Not by default, however we aim to get direct RPC access to sequencers whenever possible.

Are there any API-related payments?

No, there are not. The only payments relate to the onchain payments through the user operation gas price for the bundler fees, and the offchain balance deduction for the paymaster fees.

How is payment made for the bundler?

The bundler fees are paid for completely onchain, by setting a gas price for the user operation that is slightly higher than the gas price we use to bundle said user operation in our transaction.

How does the onchain bundler payment take place?

When constructing your user operation, you'd use the pimlico_getUserOperationGasPrice method to select the gas prices for your user operation. When submitting to the bundler, the bundler would bundle the user operation into a transaction with a slightly lower gas price. The bundler makes as profit the small difference between the two gas prices.

How is pimlico_getUserOperationGasPrice different from eth_estimateUserOperationGas?

eth_estimateUserOperationGas estimates the gas limits for the user operation (i.e. how much total gas can be spent for the difference stages of the user operation). In contrast, pimlico_getUserOperationGasPrice responds with the gas prices (i.e. for each unit of gas, what is the amount of ETH you're willing to pay to the bundler).

Is there be a way of tracking gas fee payments?

Our dashboards provide a way for you to view data about how much you spent on sponsorship for user operations on different chains, however there is currently no specific information on the gas price overhead paid to the bundler. However, all this information is available and can be compiled onchain through block explorers like Etherscan.

If you would like more information about gas fee payments on the Pimlico dashboard, reach out to us!

How do gas fees for the bundler and paymaster stack?

If you use both the bundler and the paymaster together, the fee payments would stack.

For instance, if you ended up paying a 5% overhead for the bundler and a 10% overhead for the verifying paymaster on a user operation that costs us $0.01 to include, you would end up paying a total of $0.01 * (1.05) * (1.1) = $0.01155 => a 15.5% overhead.

Important to note however that the bundler and paymaster are completely independent and you can use one without the other.

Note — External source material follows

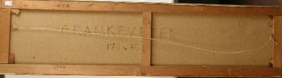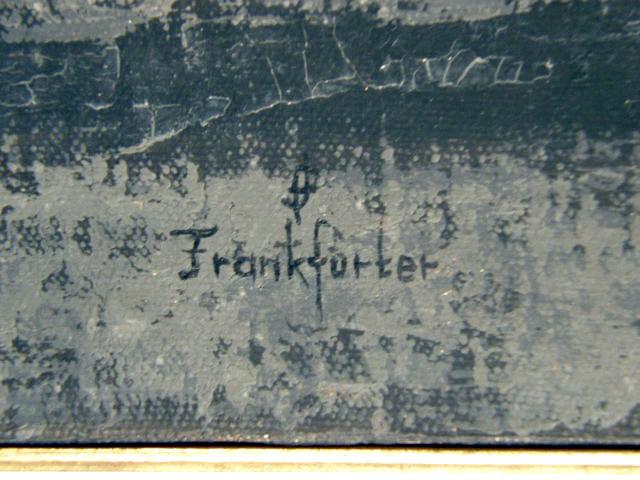 Signed verso Frankfurter (Jack Frankfurter, Austrian-American, b. 1929). Frankfurter was educated at Columbia University, pursuing a number of careers before determining, in the early 60`s, that painting was his true calling. He emigrated to Rome, was almost instantly successful, and has exhibited at the National Academy of Design, the Whitney Museum, and the Allied Artists of America. His work is included in major museum collections in the U.S. and Italy, as well as the Malcolm Forbes Collection. 18"h x 69"l

What is the use case for smart accounts

Smart accounts enable user experience improvements that were not previously possible with EOA accounts.

Examples include:

  • Gasless transactions
  • Use of USDC and other ERC-20 tokens for gas fee payments
  • Trustless Passkey and FaceID signatures and login
  • Account recovery
  • Signer rotation
  • Multisig and social recovery schemes
  • Automated transactions (e.g. for limit orders, deadman switch, auto token revocations, automated DCA investing)
  • Transactions with session keys with limited account access
  • Batched transactions (e.g. being able to approve and swap in the same transaction)

When using a bundler without a verifying paymaster, who ends up paying the added fees?

When using the bundler without you sponsoring the gas fees for your users, the users themselves will be the ones covering the gas fees as well as the small bundler overhead for the user operations.

If the bundler gets exploited, are my ERC-4337 accounts at risk?

No. If the private keys Pimlico uses were to get compromised, that would have no effect on the security of your ERC-4337 accounts. ERC-4337 was designed to make bundlers a completely permissionless entity, meaning in fact that any address could technically be a bundler by calling the handleOps function on the EntryPoint contract. Bundler services like Pimlico merely provide a convenient, fast, and reliable way to bundle user operations for you.

The EOA address (if there is one) that controls your ERC-4337 would be controlled by you or a separate service you trust, completely independent of the bundler and Pimlico.